The Condamine River at the O O Madsen Bridge during last year’s Boxing Day flood.
The Condamine River at the O O Madsen Bridge during last year’s Boxing Day flood. Jason King

'Useful data' flows from study

THE head of the Warwick Shire River Improvement Trust has welcomed the draft of a new flood study for the Condamine River, which he says gives a clearer picture of likely flood height and speed of water flow.

Talgai producer David Brown chairs the trust, which is responsible for carrying out erosion control and flood mitigation works along the river and its tributaries.

Mr Brown yesterday said when formally in place, the flood study by Brisbane-based consultant hydrologists SKM would allow council to better control development on the flood plain.

A draft of the study was handed out to Southern Downs Regional councillors this week and will be placed on public display in the coming weeks, with Mr Brown describing it as "a very comprehensive document".

"The study gives us what I feel is a clearer picture into cause and effect, such as the issue of non-native species of vegetation which have proliferated along the river and adjoining creeks in recent decades," Mr Brown said.
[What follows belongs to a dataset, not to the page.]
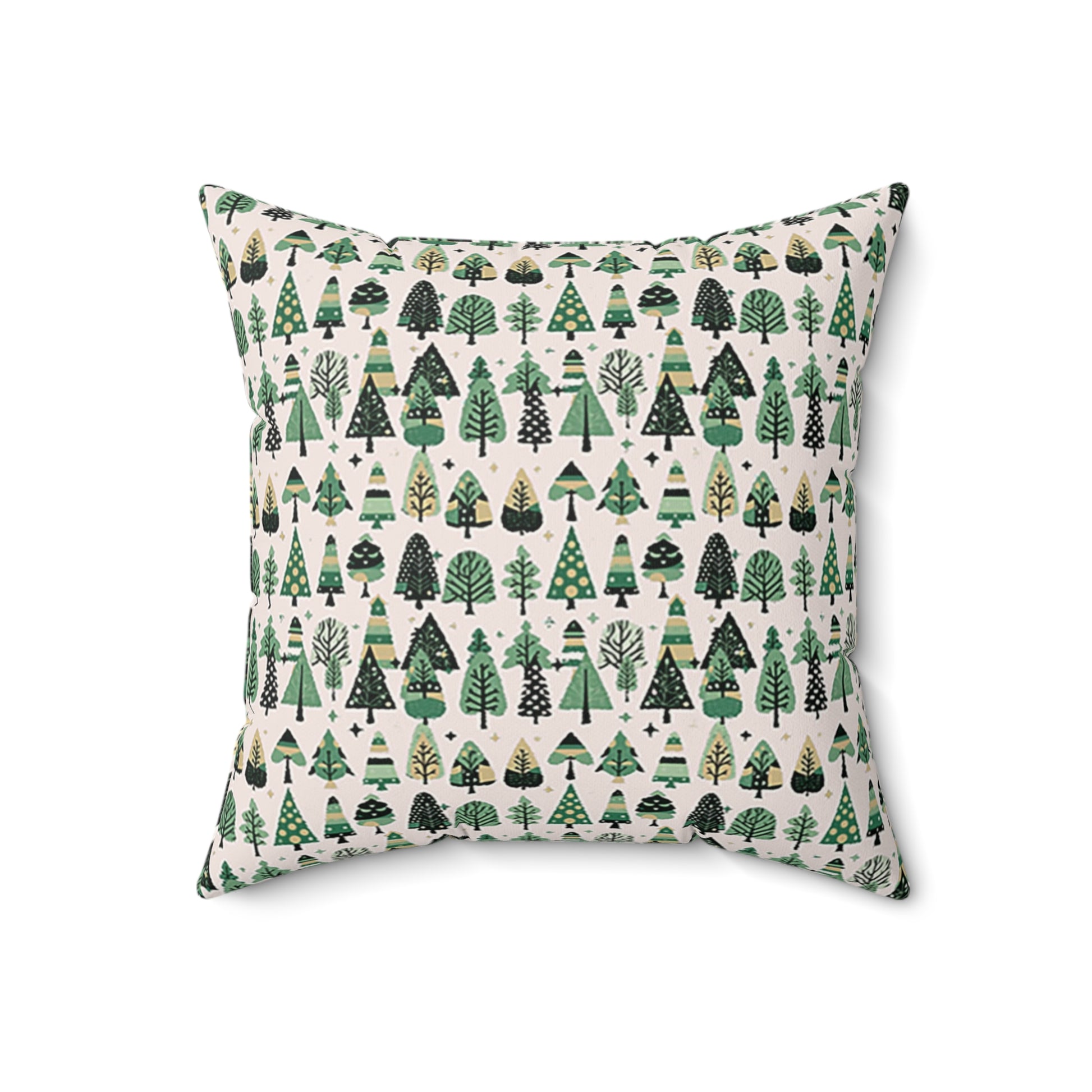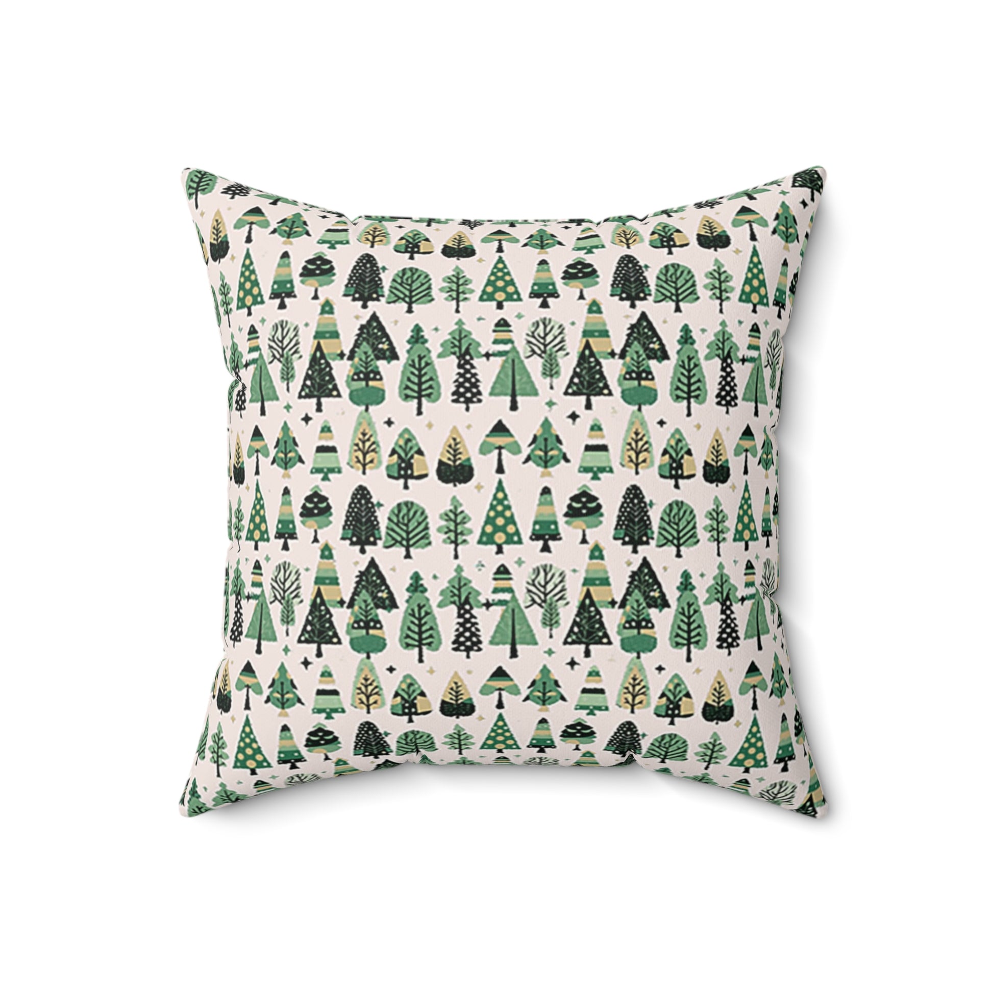 Mini Vintage Green Trees 18" x 18" Faux Suede Square Pillow

"Willow trees in particular can trap debris coming downstream during a flood and this can have the effect of pushing floodwater into places it has never been before.

"Debris which collects at the Madsen Bridge in Warwick also has the effect of worsening the situation."

Mr Brown said while the December and January floods in the Condamine River catchment caused widespread devastation, they had given the hydrologists a new set of data to work with in determining where development should be controlled in the catchment.

"The combination of recent and historical data will also allow us to better design new infrastructure, such as bridges, to account for the potential reach of floodwaters," he said.

"What the study does bring up is a need for more flood gauges and in better locations so we can more accurately measure what happens when there is a flood."

The study does reveal that in the case of Allora, the predicted or "design" flow of water in a flooded Dalrymple creek has been estimated in the past at 450 cubic metres per second, but actual flows in the December flood were double that velocity, at 900 cubic metres per second.

The discrepancy has been blamed on a lack of adequate rainfall records from the area.